EXTROPIA’S WEIRD SCIENCE: DEATH RAYS
Fans of science fiction may well recall that when H.G. Wells’s Martians set out to conquer the earth in ‘War of the Worlds’, they deployed a deadly weapon in the form of a heat ray.
While this might seem like a futuristic weapon invented by minds “immeasurably superior to ours”, there is some evidence to suggest that something like a heat ray is actually ancient technology.
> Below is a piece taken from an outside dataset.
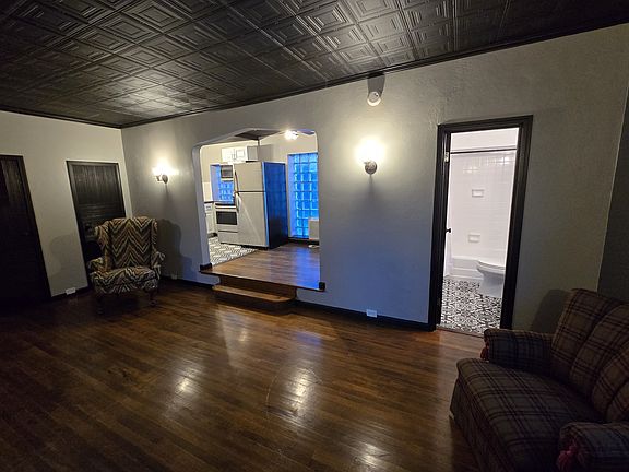 Originally, known as the carriage house for the Cook Mansion that was demolished to create Veterans Memorial Parkway. This charming studio apartment nestled in the Historic District in downtown Evansville was fully renovated. Completely, new bathroom and kitchen with all new stainless steel appliances including microwave, range, and full size refrigerator. The historic studio apartment has a Scandinavian MCM vibe with a touch of urban industrial reflected in the all new matte black metal lightening fixtures and hardware. Original hardwood floors were refinished in the dining and living /bedroom area while the kitchen and bath have newly installed classic black and white tiles. There is ample storage with three closets and just off the kitchen is a quaint dining area with built-in hutch for additional storage. Large sunlit windows allow the apartment to fill with a warm glow. The sweeping veranda on the front of the pillared carriage house is the perfect spot to enjoy your morning coffee while looking out over the vast secluded yard. The carriage house is conveniently located within walking distance to Main Street, River Front Walkway, Evansville Museum, Haynie's Corner, and other downtown attractions. It is a delightful place to call home. Renovated Laundry facility in the basement. Animal friendly rental (Pets must be approved by owner, Initial pet fee $150 per pet, Monthly Pet fee $30 per pet). No smoking. Water included in rent. Sewer included in rent. Trash included in rent. Electricity not included in rent. The apartment is not furnished. Pre-tax income 3X rent. Credit score: 650+. Rent $750. Security Deposit $750. No smoking. Water included in rent. Sewer included in rent. Trash included in rent. Electricity not included in rent.

We have historical accounts of such a weapon being used in ancient times. During the second Punic war, which ran from 218 to 202 BC, Archimedes was said to have focused sunlight using a series of hexagonal mirrors, and set alight Roman ships. We have some evidence that such a tale is at least remotely plausible, because in 1973 one Dr. Ioannis Sakeas deployed fifty bronze-coated mirrors and successfully recreated this legendary feat of warfare.
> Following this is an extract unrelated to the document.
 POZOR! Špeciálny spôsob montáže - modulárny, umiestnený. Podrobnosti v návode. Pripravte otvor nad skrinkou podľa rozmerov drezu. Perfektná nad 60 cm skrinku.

Fifty bronze mirrors does not sound like an altogether practical technology, and indeed it’s hard to find any genuinely practical example of a death-ray. One can, however, find claims of such weapons from inventors seeking investment.
As one might expect given his reputation as maverick inventor, Nikola Tesla was one such individual. In 1973 he told ‘Liberty’ Magazine that “it will be possible to destroy anything within 200 miles” of his directional lightning and beam weapon. But although he claimed to have several such weapons designed, none were publicly demonstrated. Still, presumably somebody thought there might be something to these claims, because the FBI took possession of Tesla’s papers when he died.
Harry Grindell Matthews. Image from wikimedia commons
Another person who claimed to have built a death ray was Henry Grindell Mathews. Once again, the reality fell short of the inventor’s boasts. Mathews promised that the finished product would knock airplanes out of the sky, but when a prototype was demonstrated to military personnel, it only managed to stop a small motor and cause a light-bulb to glow. This was in 1921 and although Mathews pitched his idea not only to his native English armed forces but also the French and American military, no such weapon was ever used in any war, so I think it’s safe to assume that he was full of it.